- Born: Nigeria
- Education: University of Cairo (Bsc); University of Ibadan (Msc, PhD);
- Children: 2
- Scientific career
- Institutions: University of Ibadan

= Akinola Alada =

Nigerian professor of physiology

Akinola Alada is a Nigerian professor of physiology at the University of Ibadan and the former Dean of students' affair of the institution.

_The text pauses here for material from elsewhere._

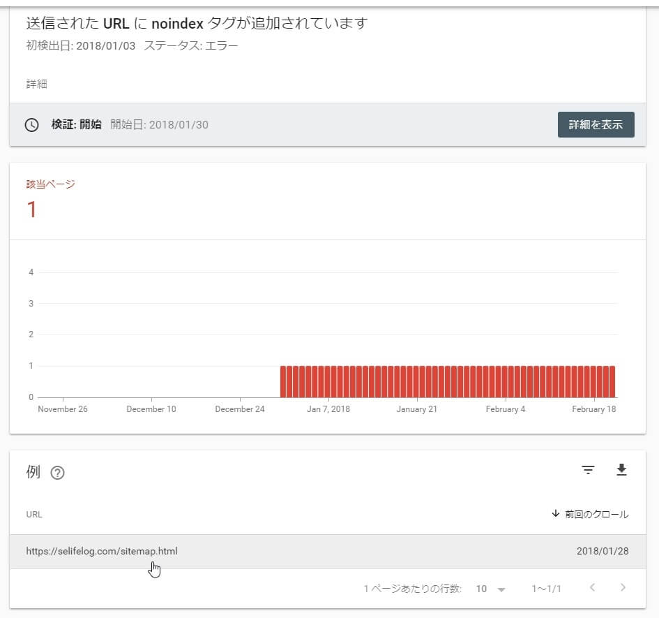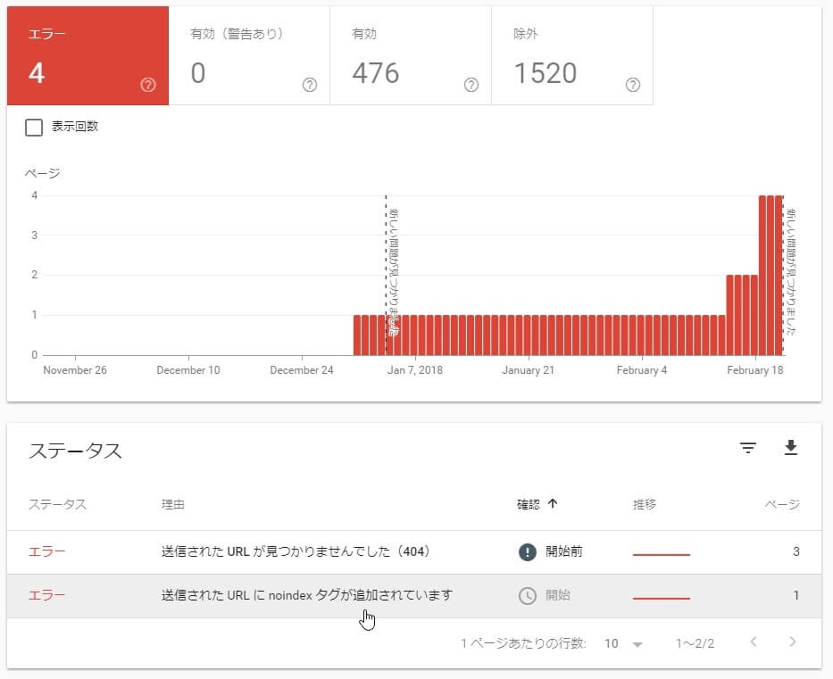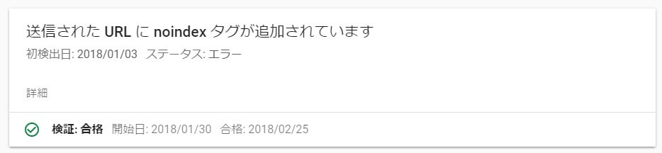 Google Search Consoleから「「インデックス カバレッジ」の問題が新たに検出されました」というメールが届いたので、Google Search Consoleで確認したところ、4件のエラーのうち1件が「送信された URL に noindex タグが追加されています」というエラーでした。

== Early life and education ==
Akinola Alada was born in Nigeria, he obtained his first bachelor's degree in BSc (Hons) Human Anatomy and Physiology from the university of Cairo in 1985, he obtained his MSc in 1988 and was promoted to the rank of professor of physiology endocrinology and metabolism in 2005 at the University of Ibadan

== Academic career ==
He was the head of department of Human physiology from 2001 to 2003 and was also reappointed in 2010 to 2012. He was the Dean, Students' Affairs Division of university of Ibadan up until August 2025. He is a member of physiological association of Nigeria and also the Editor-in-chief of Nigerian journal of physiological sciences In 2023, he was shortlisted for vice chancellor of university of Ilorin

== Selected publications ==

- Biological effects of Myristica fragrans (nutmeg) extract
- Hematological effect
- Effect of aqueous leaf extract of tridax procumbens on blood pressure and heart rate in rats
- Cardioprotective effects of curcumin-nisin based poly lactic acid nanoparticle on myocardial infarction in guinea pigs
- Efficacy of different brands of mouth rinses on oral bacteria load count in healthy adults
- A comparative study of students' performance in preclinical physiology assessed by multiple choice and short essay questions.
- Studies on the anti-inflammatory properties of Entada abyssinica
- Potassium channels and prostacyclin contribute to vasorelaxant activities of Tridax procumbens crude aqueous leaf extract in rat superior mesenteric arteries HM Salahdeen

== Awards and honors ==
Akinola Alada is a fellow of physiological society of Nigeria, a fellow of Nigerian society of cooperative professionals, member American Physiological Society, physiological society London, and west African society of pharmacology.